++++ Given material
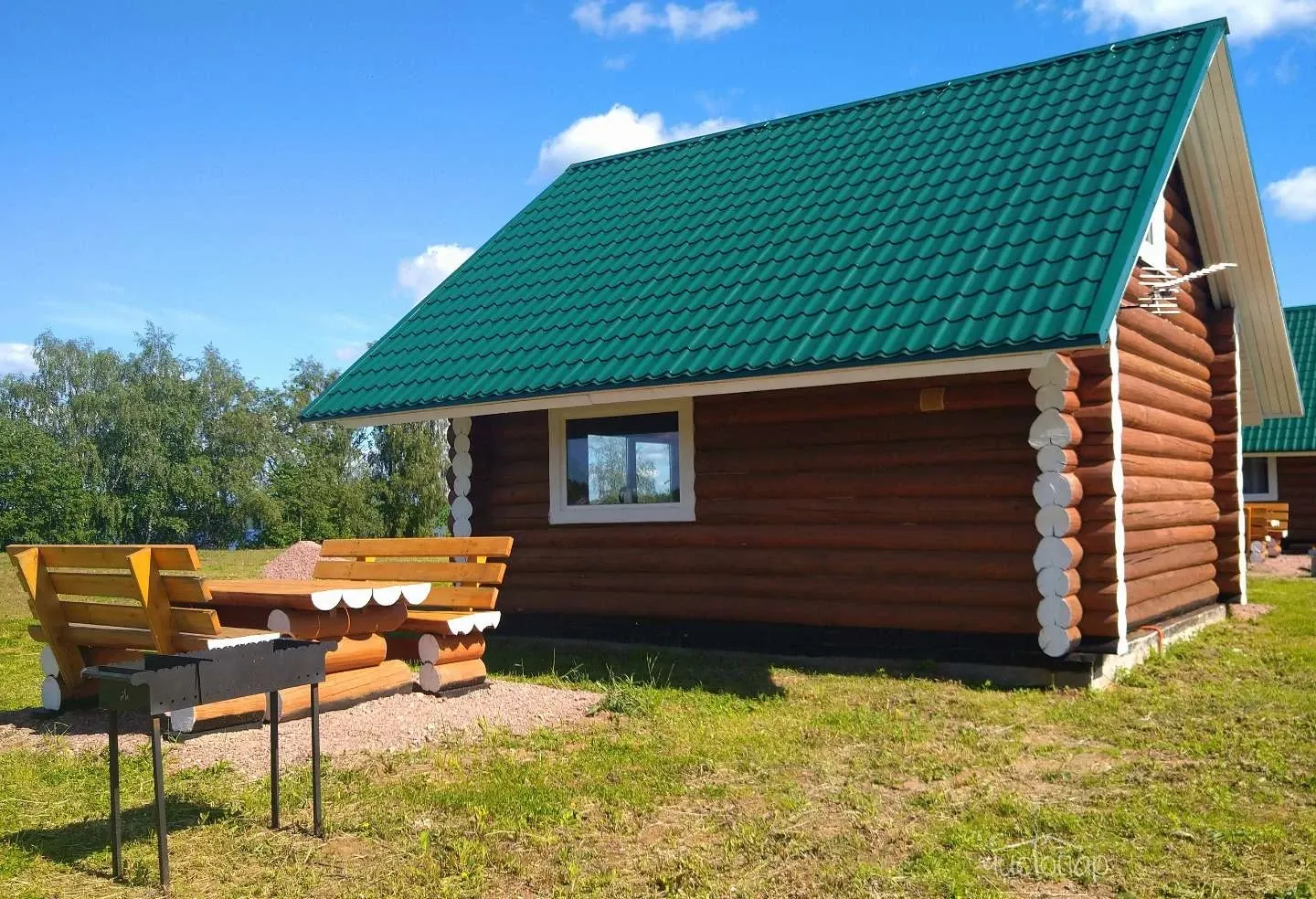 Перед каждым коттеджем оборудовано место для отдыха - стол с удобными скамейками и мангал.
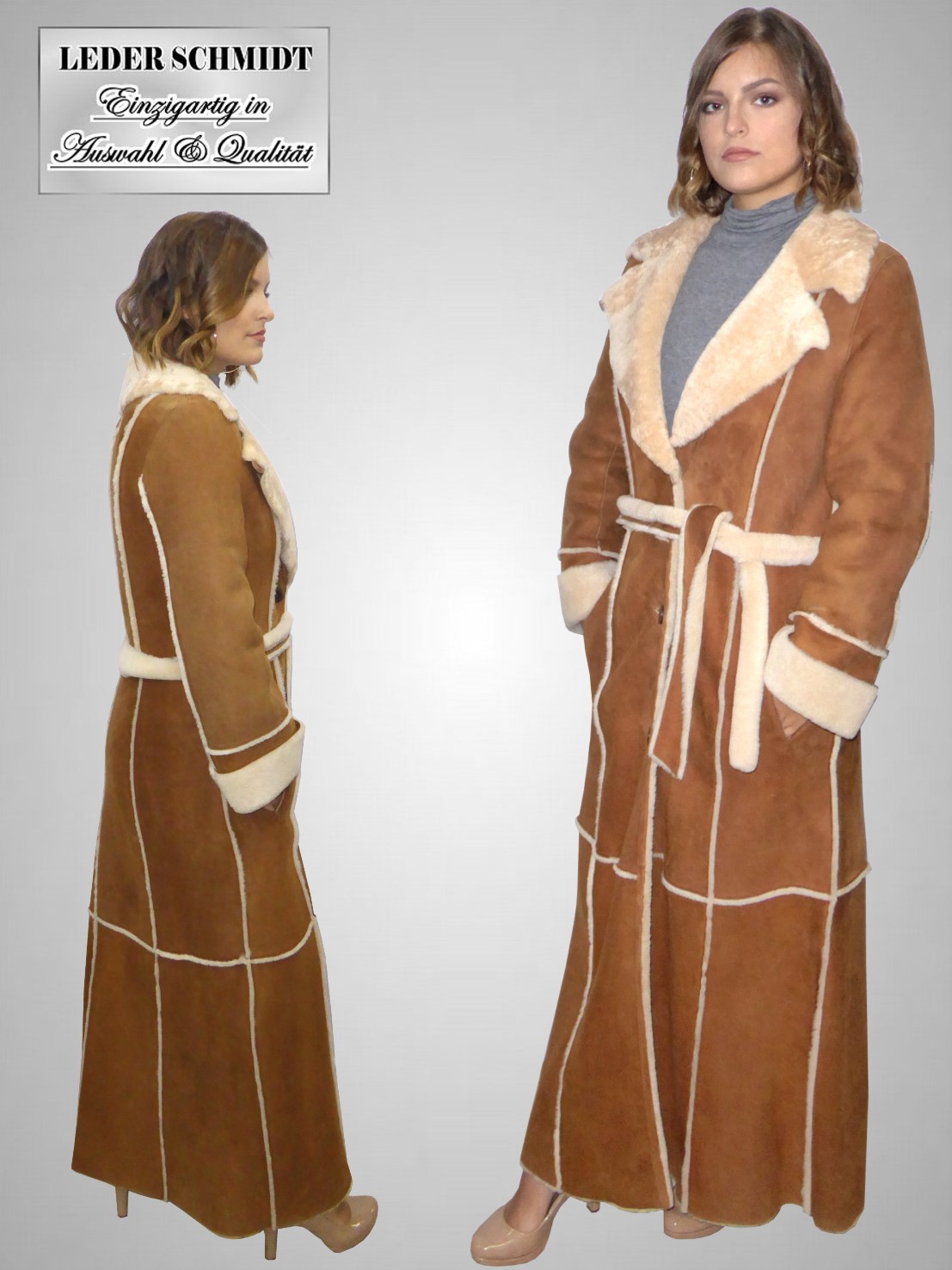 Attraktiver langer leichter Damen Lammfellmantel in Merino-Lammfell (Pelz-Velour) mit Gürtel.
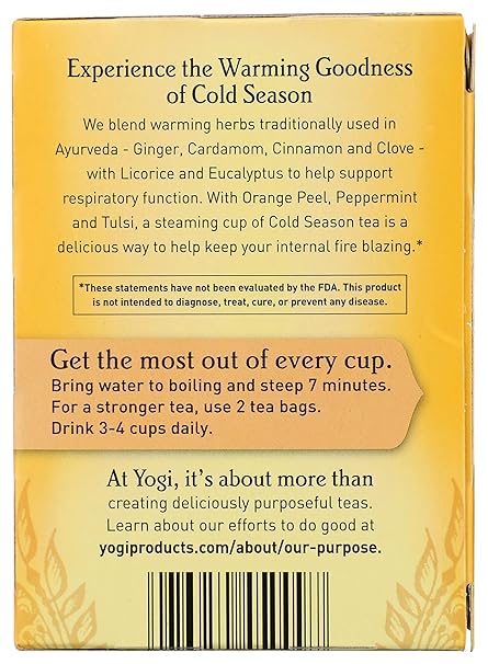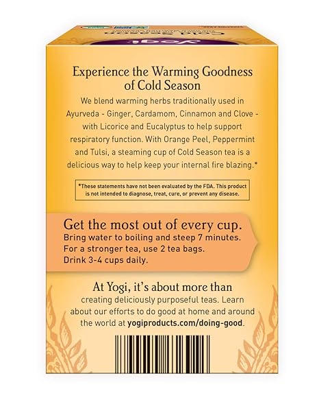 FLAVOR: Yogi Cold Season tea combines aromatic Eucalyptus and Peppermint with Licorice, Ginger, Cardamom, Cinnamon, and Clove for a naturally spicy-sweet herbal blend.
++++++++
Beginning with the line containing "Attraktiver langer leichter" and ending with the last line of the data above, repeat each line exactly. Include no pictures and no other lines.

 Attraktiver langer leichter Damen Lammfellmantel in Merino-Lammfell (Pelz-Velour) mit Gürtel.
 FLAVOR: Yogi Cold Season tea combines aromatic Eucalyptus and Peppermint with Licorice, Ginger, Cardamom, Cinnamon, and Clove for a naturally spicy-sweet herbal blend.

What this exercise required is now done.